5. Method for producing plants with an increased degree of phosphorylation in starch in a plant, comprising:

a) selecting a plant obtained from an introgression of the GWD allele C and/or H in the genome of a starch producing plant by selecting for a plant wherein allele A of GWD is not present and/or selecting for a plant wherein multiple GWD alleles are present selected from the group consisting of C and H, wherein said method optionally comprises a marker assisted selection step; and

b) growing said plant selected in step a)

6. A method for selecting a plant or part thereof, including a seed and tuber, said method comprising: a) testing a plant or part thereof for the absence of at least one marker that is indicative for allele A of GWD, and/or testing a plant or part thereof for the presence of at least one marker that is indicative for at least one of GWD alleles selected from the group C, and H; and b) selecting said plant or part thereof based on the information derived from said testing.

7. The method according to any one of claims 1 to 6, wherein the presence of said marker is determined at DNA level, preferably wherein said marker is selected from the group consisting of the single nucleotide polymorphisms (SNP) as indicated in Table 1.
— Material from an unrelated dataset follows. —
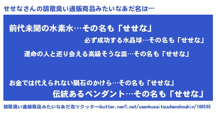 | ヒーロー風カッコイイあだ名 | 『ウルトラせせなマン』『ネオセセナ』 |

8. The method according to any one of claims 1 to 7, wherein said plant is tetraploid, preferably wherein said plant is a potato plant, more preferably wherein said potato plant is a S. tuberosum Group Tuberosum cultivar.
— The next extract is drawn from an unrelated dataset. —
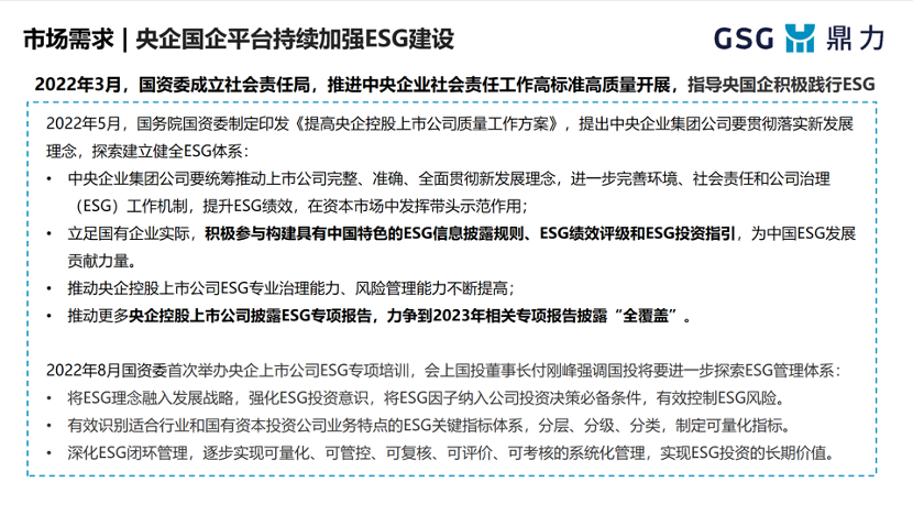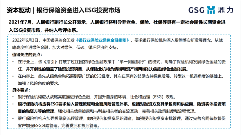 除了社保、政府引导基金,财政部也在支持和推动碳达峰工作,要求各地的政府领导基金要向这方面的倾斜。3月6日,银保监会发布《绿色金融指引》,明确要求在直接投资、间接投资过程中做ESG的调查。以前讲绿色金融多一点,但《绿色金融指引》直接引用环境、社会和治理这样的概念。央企也是如此,之前国资委一直强调企业的社会责任,从去年开始讲ESG。要求央企集团下属上市公司发布ESG的报告,我们鼎力公司也开始为央企在境内外ESG标准对接方面提供服务。

9. A method for obtaining a transgenic plant with a higher degree of phosphorylation in starch than the corresponding wild-type plant, comprising introducing a GWD gene, more preferably a GWD gene comprising one or more of the alleles C and/or H of GWD into said plant, preferably wherein an allele C or H of GWD is introduced by site-directed mutagenesis, preferably by homologous recombination, more preferably by homologous recombination with an allele A of GWD.
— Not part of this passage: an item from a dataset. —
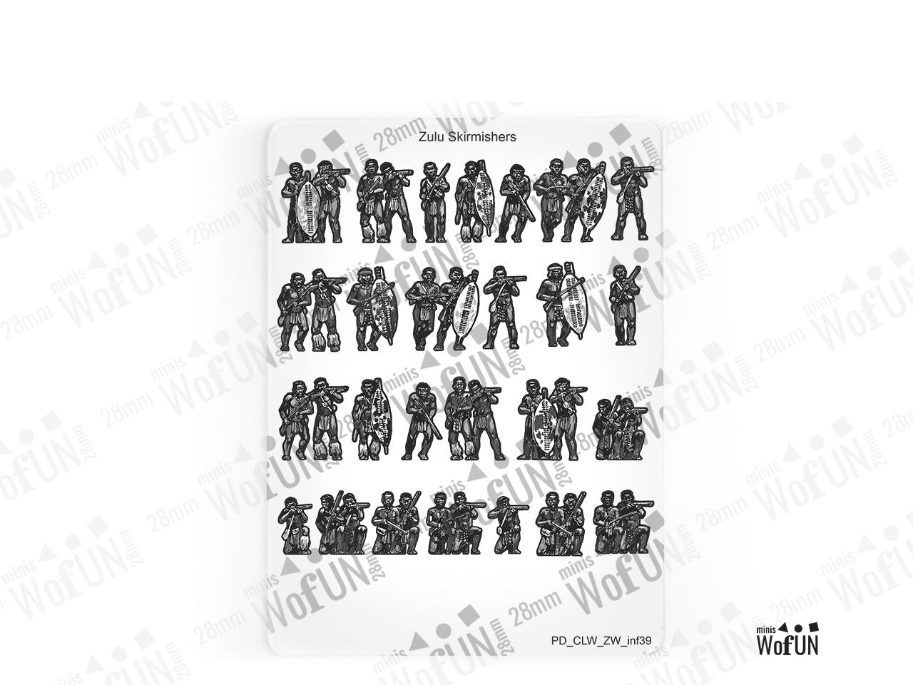 The Zulu Skirmishers Set is crafted on a 15x20 cm Plexiglass sprue and includes:

10. Use of a marker for selecting a plant or part thereof, including a seed and tuber, with a genotype wherein the allele A of GWD is absent or wherein at least one of the alleles C and H of GWD are present, wherein said marker is a SNP selected from the SNPs listed in Table 1 , or a marker in linkage disequilibrium therewith.

11. Use of a method according to claim 6 for marker-assisted breeding of a plant.

12. The use according to any one of claims 10 and 11, wherein said plant is tetraploid, preferably wherein said plant is a potato plant, more preferably wherein said potato plant is a S. tuberosum Group Tuberosum cultivar.